Логистическая регрессия для численного предиктора?

#r #data-science #logistic-regression #data-mining

#r #наука о данных #логистическая регрессия #интеллектуальный анализ данных

Вопрос:

Я работаю над набором данных и хочу использовать некоторые из следующих переменных для прогнозирования «Operatieduur». Все предикторы были разложены на множители.

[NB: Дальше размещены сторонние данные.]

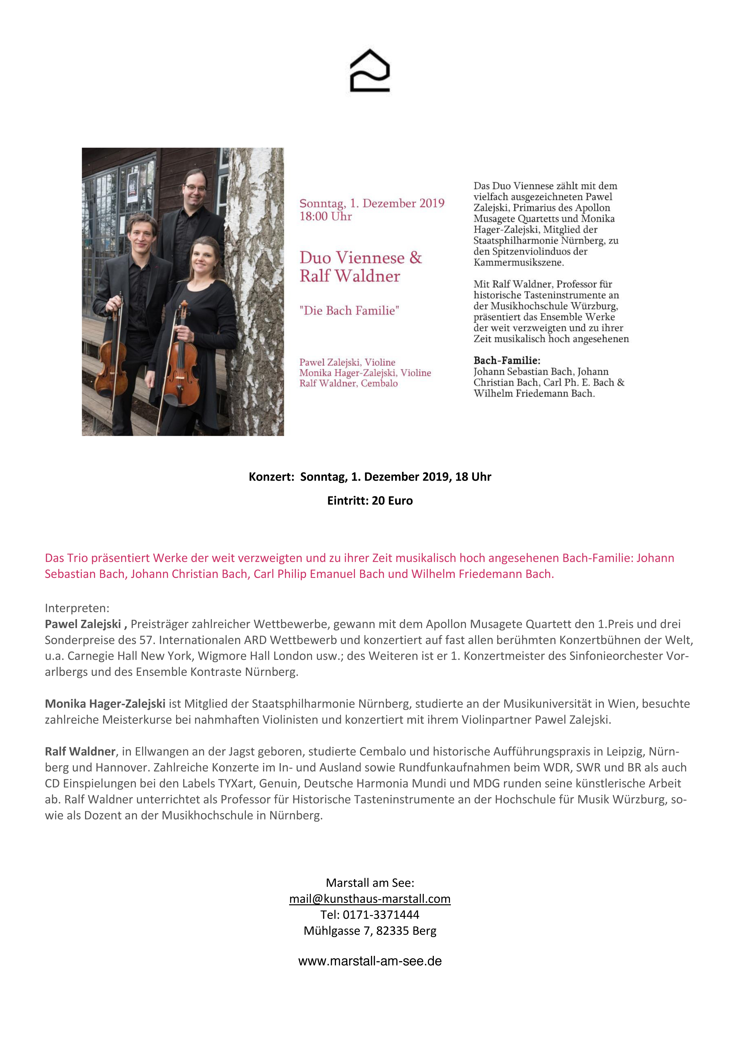 Sonntag: Bach-Konzert im Marstall

 LogicFit <- train(Operatieduur ~ Anesthesioloog   Aorta_chirurgie   Benadering  
                    Chirurg   Operatietype, data = TrainData,
                  method="glm", family="binomial")
 

Здесь я использую функцию «train» из пакета каретки, чтобы выполнить логистическую подгонку с помощью glm. Когда я запустил этот код, я получил сообщение об ошибке:

 1: model fit failed for Resample01: parameter=none Error in eval(family$initialize) : y values must be 0 <= y <= 1
 

Я погуглил и обнаружил, что причина в том, что resopnse «Operatieduur» представляет собой непрерывное числовое значение (это время продолжительности). Итак, как мне изменить функцию, чтобы использовать предикторы (все они являются категориальными значениями) для прогнозирования непрерывного числового значения? Может ли логистическая функция это сделать?

Комментарии:

1. Если бы ваши предикторы были непрерывными, возможно , имело бы смысл подгонять логистическую кривую с использованием nls() (т. Е. Предположить, что существует минимальное значение (возможно, фиксированное до 0) и максимальное значение (обычно не фиксированное до 1), и что увеличение любого из предикторов приводит к сигмоидальным кривым увеличения. Можете ли вы предоставить нам больше контекста / рассказать нам больше о ваших переменных?

Ответ №1:

Логистическая регрессия предсказывает категории, а не числовые переменные. Если вы хотите предсказать непрерывную числовую переменную (даже с использованием категориальных переменных), используйте обычную регрессию. В зависимости от количества категорий ваших переменных-предикторов вы можете рассмотреть одну горячую / фиктивную кодировку.